**REQUIREMENT**
An exact transcription of all the records, free of pictures, is the expected answer.

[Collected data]
======

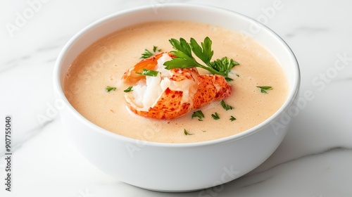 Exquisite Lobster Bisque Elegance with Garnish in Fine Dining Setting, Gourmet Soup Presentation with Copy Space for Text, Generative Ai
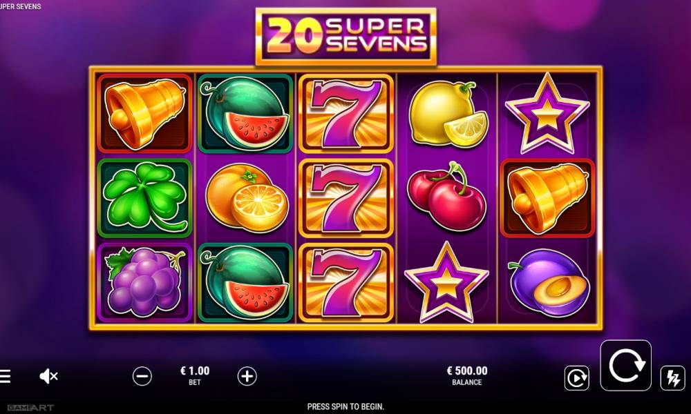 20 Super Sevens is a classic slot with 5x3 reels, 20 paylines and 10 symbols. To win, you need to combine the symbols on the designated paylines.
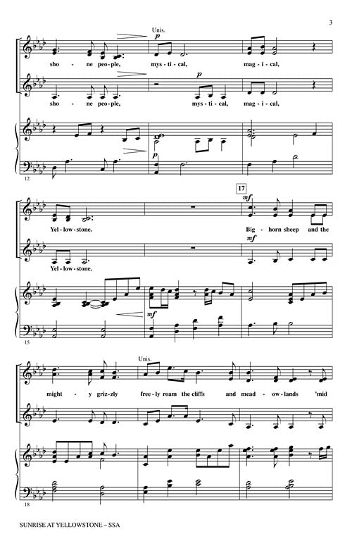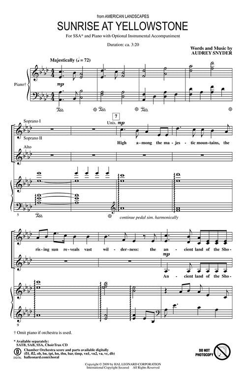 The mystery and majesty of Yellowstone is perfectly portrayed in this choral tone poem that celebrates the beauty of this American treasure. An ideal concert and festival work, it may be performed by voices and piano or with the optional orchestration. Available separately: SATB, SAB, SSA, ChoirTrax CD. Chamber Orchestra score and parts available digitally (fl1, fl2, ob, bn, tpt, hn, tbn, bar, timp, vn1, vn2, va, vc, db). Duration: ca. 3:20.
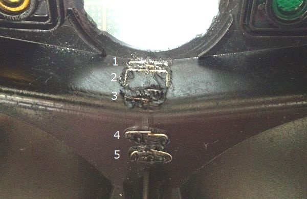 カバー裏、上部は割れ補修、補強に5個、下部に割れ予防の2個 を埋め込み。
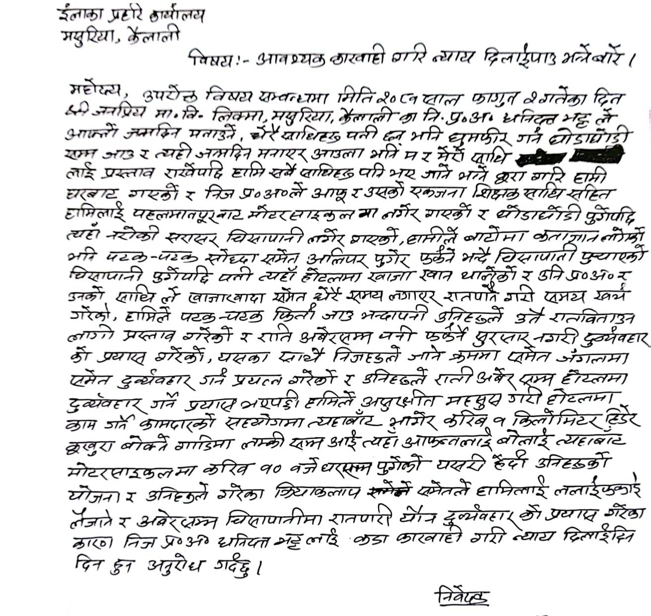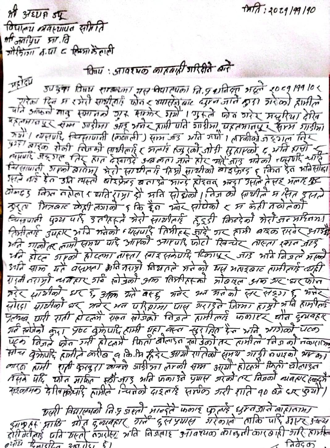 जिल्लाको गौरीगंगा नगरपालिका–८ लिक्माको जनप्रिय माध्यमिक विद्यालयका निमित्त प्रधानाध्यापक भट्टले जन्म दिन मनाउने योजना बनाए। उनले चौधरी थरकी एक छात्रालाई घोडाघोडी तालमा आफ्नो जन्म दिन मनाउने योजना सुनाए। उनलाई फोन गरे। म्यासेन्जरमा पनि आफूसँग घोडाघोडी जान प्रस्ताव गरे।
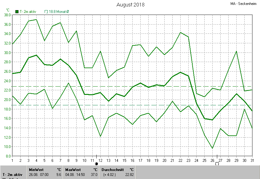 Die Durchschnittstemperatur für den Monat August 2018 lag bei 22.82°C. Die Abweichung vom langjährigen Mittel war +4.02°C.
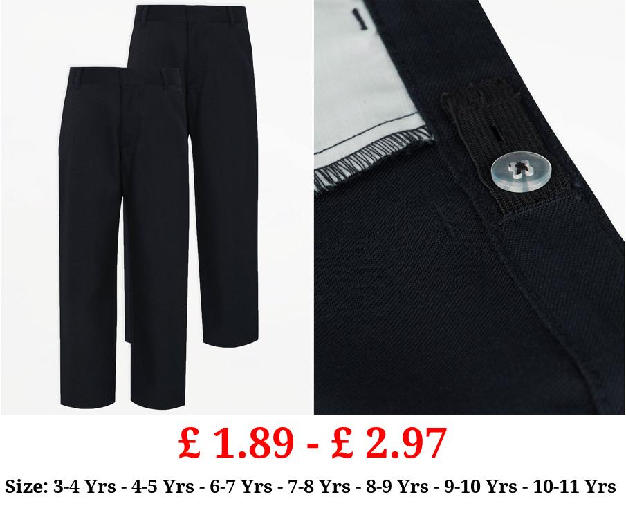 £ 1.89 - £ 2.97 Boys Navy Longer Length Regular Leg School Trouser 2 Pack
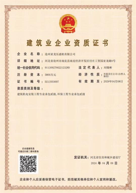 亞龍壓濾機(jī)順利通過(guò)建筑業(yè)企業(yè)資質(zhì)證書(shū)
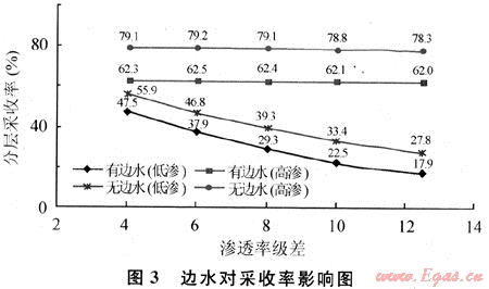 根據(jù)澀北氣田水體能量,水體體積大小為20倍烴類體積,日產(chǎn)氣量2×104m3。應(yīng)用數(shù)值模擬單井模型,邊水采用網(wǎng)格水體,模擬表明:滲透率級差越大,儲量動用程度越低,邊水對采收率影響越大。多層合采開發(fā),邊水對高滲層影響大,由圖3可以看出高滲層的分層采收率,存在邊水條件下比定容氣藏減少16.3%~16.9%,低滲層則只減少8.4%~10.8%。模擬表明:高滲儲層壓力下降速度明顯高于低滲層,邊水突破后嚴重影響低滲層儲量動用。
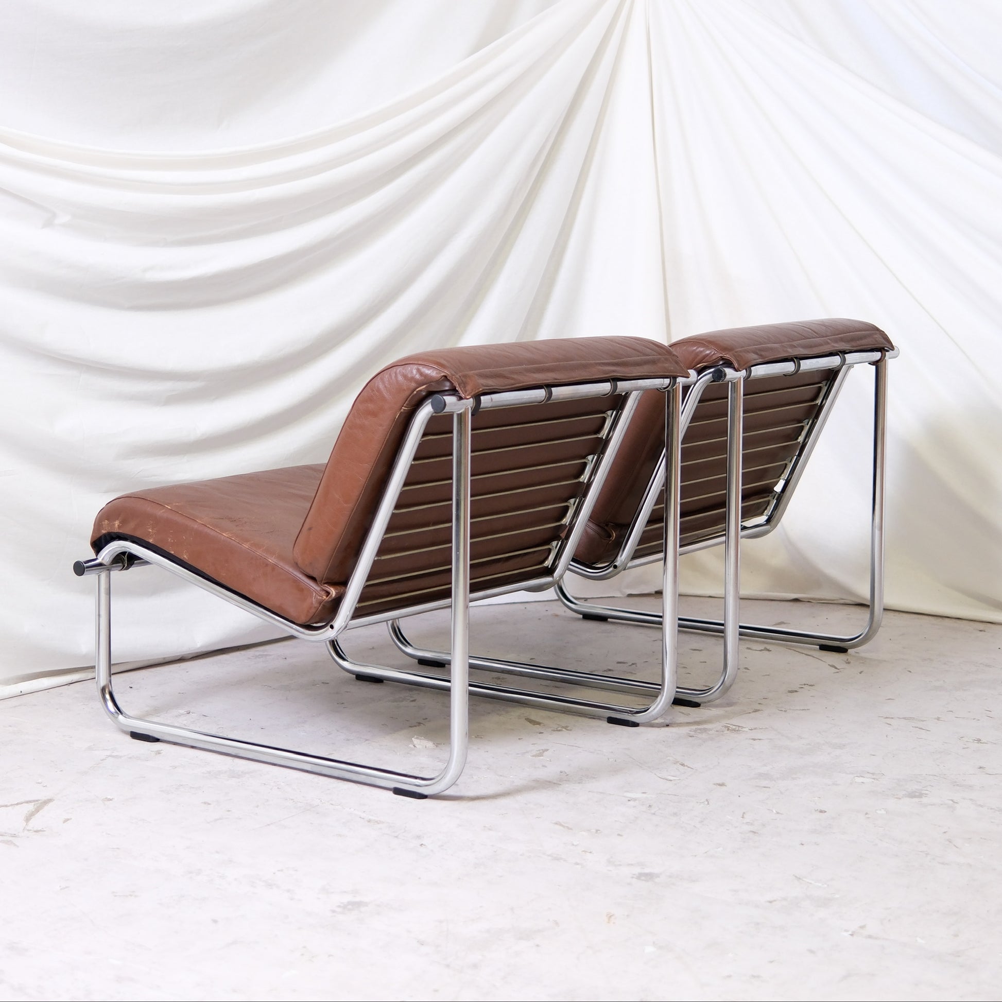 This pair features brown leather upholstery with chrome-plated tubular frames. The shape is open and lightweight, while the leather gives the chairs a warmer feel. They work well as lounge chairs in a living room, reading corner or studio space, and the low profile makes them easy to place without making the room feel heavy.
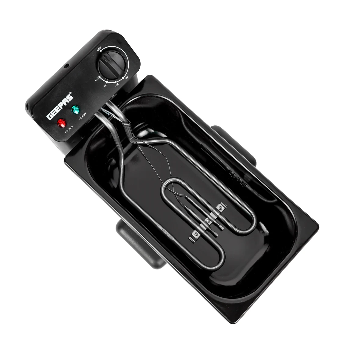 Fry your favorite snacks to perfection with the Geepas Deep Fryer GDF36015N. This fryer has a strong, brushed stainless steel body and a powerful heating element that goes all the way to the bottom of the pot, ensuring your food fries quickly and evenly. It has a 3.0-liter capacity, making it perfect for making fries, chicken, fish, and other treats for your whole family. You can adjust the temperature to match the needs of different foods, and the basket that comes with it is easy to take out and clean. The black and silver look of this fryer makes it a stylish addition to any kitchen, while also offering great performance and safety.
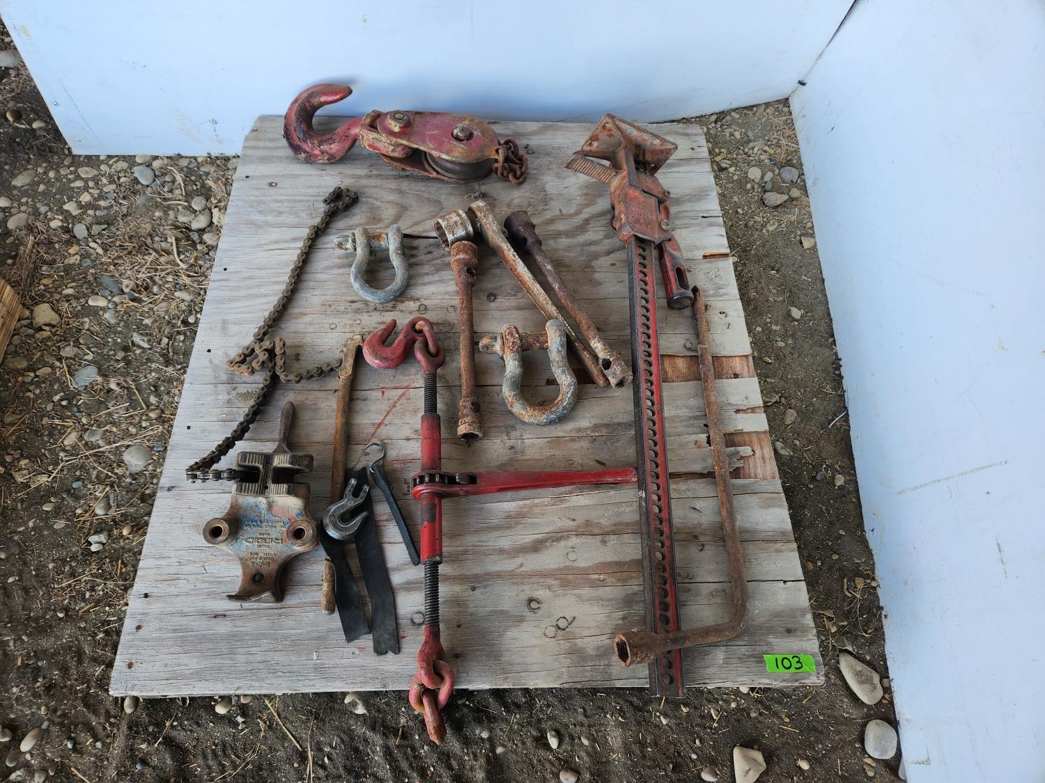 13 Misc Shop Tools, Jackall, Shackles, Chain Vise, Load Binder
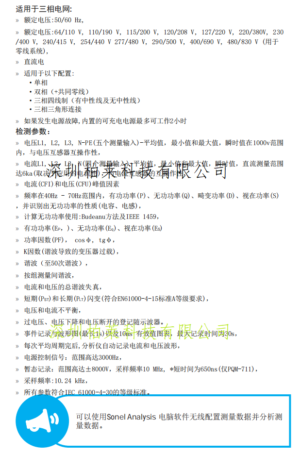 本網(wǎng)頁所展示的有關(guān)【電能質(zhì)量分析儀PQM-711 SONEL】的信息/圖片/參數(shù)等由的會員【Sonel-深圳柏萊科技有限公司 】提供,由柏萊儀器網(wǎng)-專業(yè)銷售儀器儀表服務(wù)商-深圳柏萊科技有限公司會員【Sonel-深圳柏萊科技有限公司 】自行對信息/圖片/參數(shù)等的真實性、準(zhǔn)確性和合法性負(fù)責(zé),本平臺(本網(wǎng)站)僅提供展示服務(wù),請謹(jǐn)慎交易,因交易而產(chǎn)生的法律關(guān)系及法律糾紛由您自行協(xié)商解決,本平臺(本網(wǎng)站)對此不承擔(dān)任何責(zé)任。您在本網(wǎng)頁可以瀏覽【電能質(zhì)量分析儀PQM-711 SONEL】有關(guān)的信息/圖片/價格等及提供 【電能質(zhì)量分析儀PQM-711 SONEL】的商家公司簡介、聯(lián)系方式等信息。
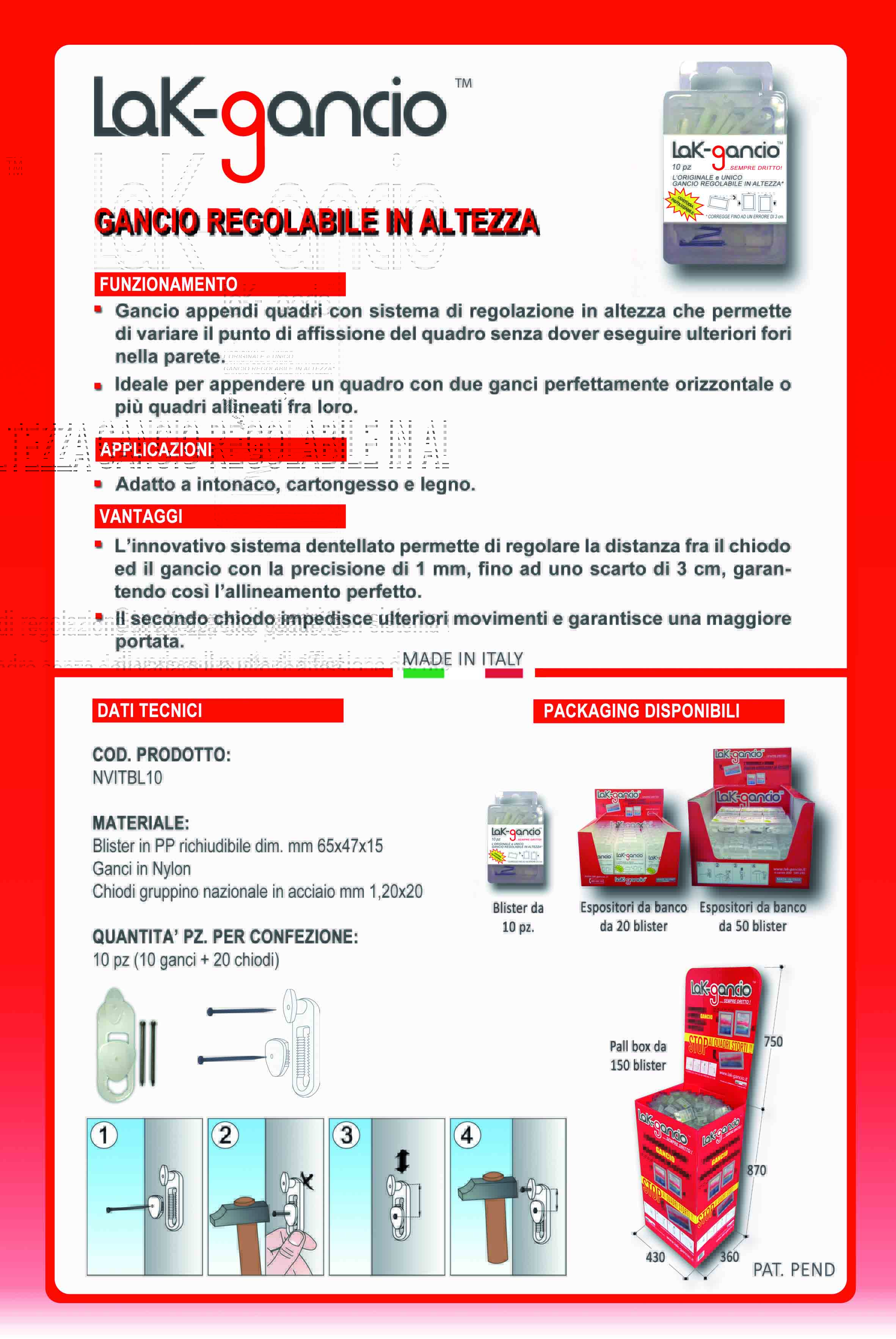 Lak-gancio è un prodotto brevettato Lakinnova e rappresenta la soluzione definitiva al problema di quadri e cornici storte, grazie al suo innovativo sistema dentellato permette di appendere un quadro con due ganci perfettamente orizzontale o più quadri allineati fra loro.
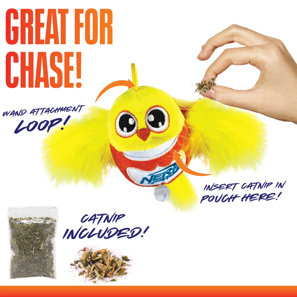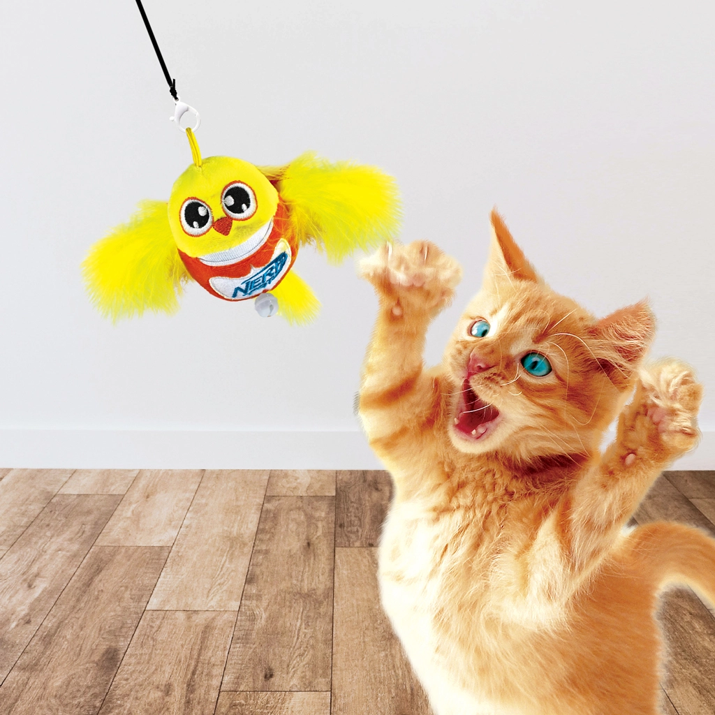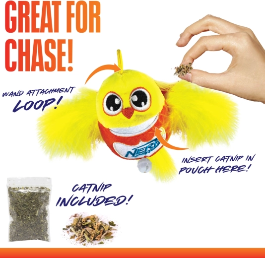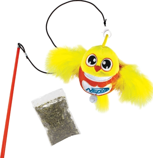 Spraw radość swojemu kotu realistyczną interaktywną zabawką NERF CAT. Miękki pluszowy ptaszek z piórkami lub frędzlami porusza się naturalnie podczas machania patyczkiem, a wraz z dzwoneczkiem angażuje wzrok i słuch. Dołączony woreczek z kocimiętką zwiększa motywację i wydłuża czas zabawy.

======

**RESPONSE TO THIS TASK**
 Exquisite Lobster Bisque Elegance with Garnish in Fine Dining Setting, Gourmet Soup Presentation with Copy Space for Text, Generative Ai
 20 Super Sevens is a classic slot with 5x3 reels, 20 paylines and 10 symbols. To win, you need to combine the symbols on the designated paylines.
 The mystery and majesty of Yellowstone is perfectly portrayed in this choral tone poem that celebrates the beauty of this American treasure. An ideal concert and festival work, it may be performed by voices and piano or with the optional orchestration. Available separately: SATB, SAB, SSA, ChoirTrax CD. Chamber Orchestra score and parts available digitally (fl1, fl2, ob, bn, tpt, hn, tbn, bar, timp, vn1, vn2, va, vc, db). Duration: ca. 3:20.
 カバー裏、上部は割れ補修、補強に5個、下部に割れ予防の2個 を埋め込み。
 जिल्लाको गौरीगंगा नगरपालिका–८ लिक्माको जनप्रिय माध्यमिक विद्यालयका निमित्त प्रधानाध्यापक भट्टले जन्म दिन मनाउने योजना बनाए। उनले चौधरी थरकी एक छात्रालाई घोडाघोडी तालमा आफ्नो जन्म दिन मनाउने योजना सुनाए। उनलाई फोन गरे। म्यासेन्जरमा पनि आफूसँग घोडाघोडी जान प्रस्ताव गरे।
 Die Durchschnittstemperatur für den Monat August 2018 lag bei 22.82°C. Die Abweichung vom langjährigen Mittel war +4.02°C.
 £ 1.89 - £ 2.97 Boys Navy Longer Length Regular Leg School Trouser 2 Pack
 亞龍壓濾機(jī)順利通過(guò)建筑業(yè)企業(yè)資質(zhì)證書(shū)
 根據(jù)澀北氣田水體能量,水體體積大小為20倍烴類體積,日產(chǎn)氣量2×104m3。應(yīng)用數(shù)值模擬單井模型,邊水采用網(wǎng)格水體,模擬表明:滲透率級差越大,儲量動用程度越低,邊水對采收率影響越大。多層合采開發(fā),邊水對高滲層影響大,由圖3可以看出高滲層的分層采收率,存在邊水條件下比定容氣藏減少16.3%~16.9%,低滲層則只減少8.4%~10.8%。模擬表明:高滲儲層壓力下降速度明顯高于低滲層,邊水突破后嚴重影響低滲層儲量動用。
 This pair features brown leather upholstery with chrome-plated tubular frames. The shape is open and lightweight, while the leather gives the chairs a warmer feel. They work well as lounge chairs in a living room, reading corner or studio space, and the low profile makes them easy to place without making the room feel heavy.
 Fry your favorite snacks to perfection with the Geepas Deep Fryer GDF36015N. This fryer has a strong, brushed stainless steel body and a powerful heating element that goes all the way to the bottom of the pot, ensuring your food fries quickly and evenly. It has a 3.0-liter capacity, making it perfect for making fries, chicken, fish, and other treats for your whole family. You can adjust the temperature to match the needs of different foods, and the basket that comes with it is easy to take out and clean. The black and silver look of this fryer makes it a stylish addition to any kitchen, while also offering great performance and safety.
 13 Misc Shop Tools, Jackall, Shackles, Chain Vise, Load Binder
 本網(wǎng)頁所展示的有關(guān)【電能質(zhì)量分析儀PQM-711 SONEL】的信息/圖片/參數(shù)等由的會員【Sonel-深圳柏萊科技有限公司 】提供,由柏萊儀器網(wǎng)-專業(yè)銷售儀器儀表服務(wù)商-深圳柏萊科技有限公司會員【Sonel-深圳柏萊科技有限公司 】自行對信息/圖片/參數(shù)等的真實性、準(zhǔn)確性和合法性負(fù)責(zé),本平臺(本網(wǎng)站)僅提供展示服務(wù),請謹(jǐn)慎交易,因交易而產(chǎn)生的法律關(guān)系及法律糾紛由您自行協(xié)商解決,本平臺(本網(wǎng)站)對此不承擔(dān)任何責(zé)任。您在本網(wǎng)頁可以瀏覽【電能質(zhì)量分析儀PQM-711 SONEL】有關(guān)的信息/圖片/價格等及提供 【電能質(zhì)量分析儀PQM-711 SONEL】的商家公司簡介、聯(lián)系方式等信息。
 Lak-gancio è un prodotto brevettato Lakinnova e rappresenta la soluzione definitiva al problema di quadri e cornici storte, grazie al suo innovativo sistema dentellato permette di appendere un quadro con due ganci perfettamente orizzontale o più quadri allineati fra loro.
 Spraw radość swojemu kotu realistyczną interaktywną zabawką NERF CAT. Miękki pluszowy ptaszek z piórkami lub frędzlami porusza się naturalnie podczas machania patyczkiem, a wraz z dzwoneczkiem angażuje wzrok i słuch. Dołączony woreczek z kocimiętką zwiększa motywację i wydłuża czas zabawy.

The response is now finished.